## [About this task]
Work through the listing below and give again exactly the lines from the one with "Por meio de" to the one with "or Bass Boost", both ends included. All other lines and all pictures stay out.

## [Dataset entries]
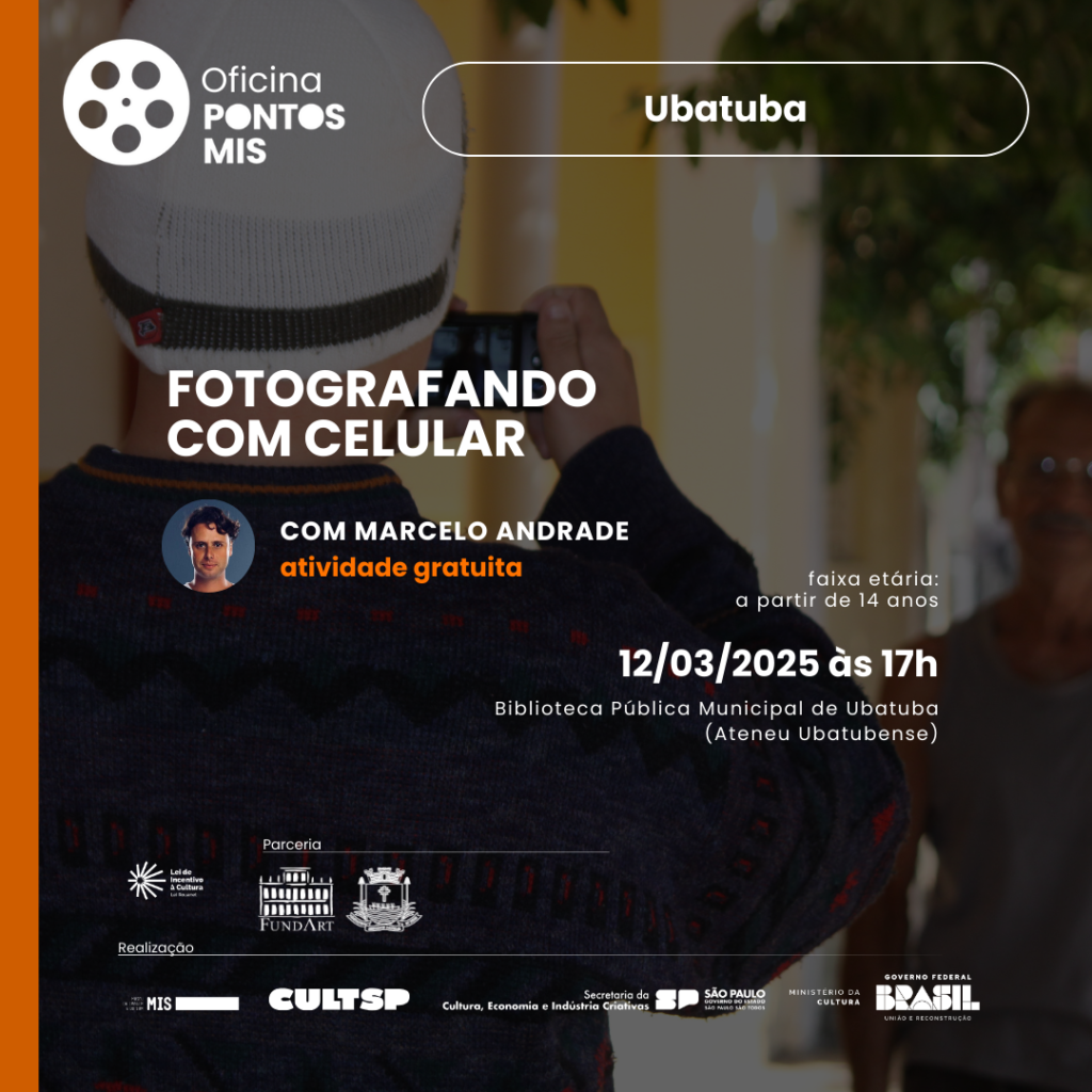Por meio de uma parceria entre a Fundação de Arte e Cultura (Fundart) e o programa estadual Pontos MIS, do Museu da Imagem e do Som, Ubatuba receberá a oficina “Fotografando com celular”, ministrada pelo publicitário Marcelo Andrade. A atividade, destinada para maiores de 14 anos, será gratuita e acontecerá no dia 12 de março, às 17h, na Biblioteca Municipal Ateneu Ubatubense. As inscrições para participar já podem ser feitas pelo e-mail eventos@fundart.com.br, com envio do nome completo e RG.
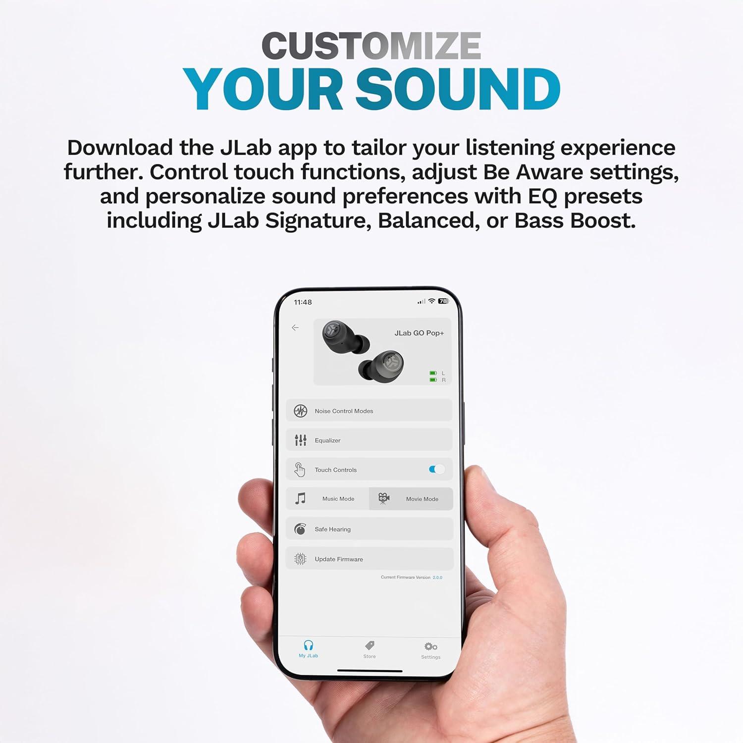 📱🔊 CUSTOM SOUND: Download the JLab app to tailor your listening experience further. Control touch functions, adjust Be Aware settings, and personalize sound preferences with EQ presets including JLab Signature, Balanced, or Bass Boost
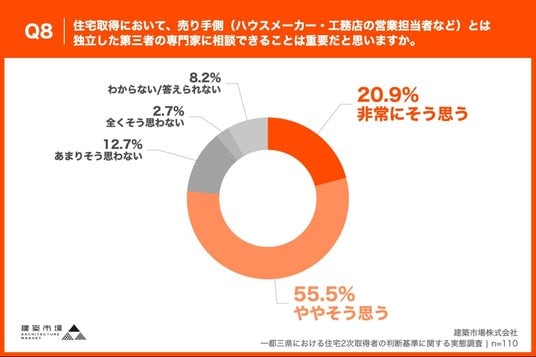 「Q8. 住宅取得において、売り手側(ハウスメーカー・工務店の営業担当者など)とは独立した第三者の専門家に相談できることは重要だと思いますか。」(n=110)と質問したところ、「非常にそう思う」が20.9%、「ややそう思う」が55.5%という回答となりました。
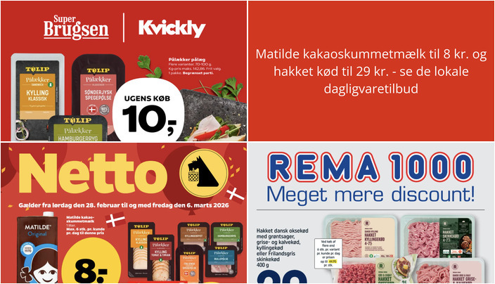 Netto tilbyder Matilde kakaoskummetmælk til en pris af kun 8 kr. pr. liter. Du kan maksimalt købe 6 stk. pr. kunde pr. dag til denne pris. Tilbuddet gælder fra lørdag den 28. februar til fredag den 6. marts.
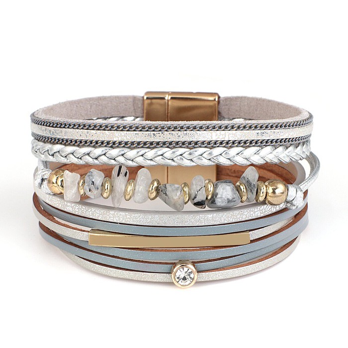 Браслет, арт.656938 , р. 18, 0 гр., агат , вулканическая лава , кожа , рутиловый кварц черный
* * *
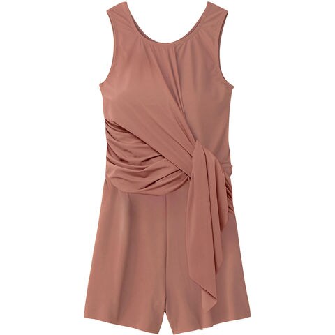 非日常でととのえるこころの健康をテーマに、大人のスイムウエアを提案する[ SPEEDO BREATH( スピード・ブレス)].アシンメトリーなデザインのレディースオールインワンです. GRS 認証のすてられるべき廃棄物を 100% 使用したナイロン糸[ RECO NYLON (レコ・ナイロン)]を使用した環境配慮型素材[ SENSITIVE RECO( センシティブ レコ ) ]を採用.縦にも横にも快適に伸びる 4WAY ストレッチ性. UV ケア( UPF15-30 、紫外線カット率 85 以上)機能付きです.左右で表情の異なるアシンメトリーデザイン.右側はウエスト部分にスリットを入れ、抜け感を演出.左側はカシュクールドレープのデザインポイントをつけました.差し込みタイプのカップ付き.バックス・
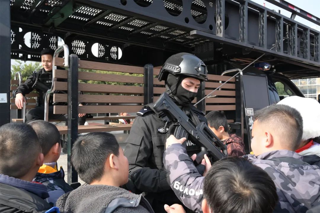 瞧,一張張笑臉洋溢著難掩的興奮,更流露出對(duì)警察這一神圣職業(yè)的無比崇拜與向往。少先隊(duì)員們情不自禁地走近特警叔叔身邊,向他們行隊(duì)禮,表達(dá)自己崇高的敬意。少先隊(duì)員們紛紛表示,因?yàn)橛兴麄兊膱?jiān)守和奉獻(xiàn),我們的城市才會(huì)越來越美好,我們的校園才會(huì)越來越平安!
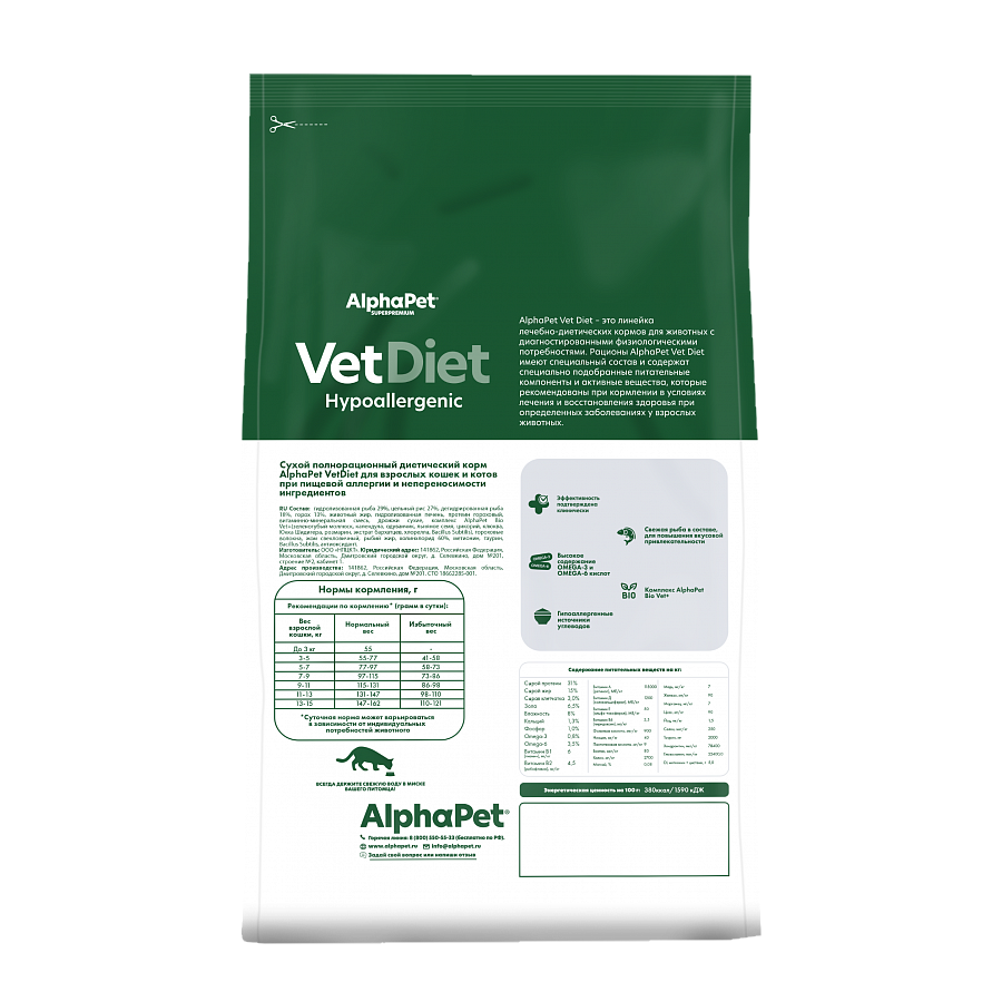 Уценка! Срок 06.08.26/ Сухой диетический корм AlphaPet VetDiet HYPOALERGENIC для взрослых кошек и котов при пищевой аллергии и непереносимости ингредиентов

## [Problem solution]
Por meio de uma parceria entre a Fundação de Arte e Cultura (Fundart) e o programa estadual Pontos MIS, do Museu da Imagem e do Som, Ubatuba receberá a oficina “Fotografando com celular”, ministrada pelo publicitário Marcelo Andrade. A atividade, destinada para maiores de 14 anos, será gratuita e acontecerá no dia 12 de março, às 17h, na Biblioteca Municipal Ateneu Ubatubense. As inscrições para participar já podem ser feitas pelo e-mail eventos@fundart.com.br, com envio do nome completo e RG.
 📱🔊 CUSTOM SOUND: Download the JLab app to tailor your listening experience further. Control touch functions, adjust Be Aware settings, and personalize sound preferences with EQ presets including JLab Signature, Balanced, or Bass Boost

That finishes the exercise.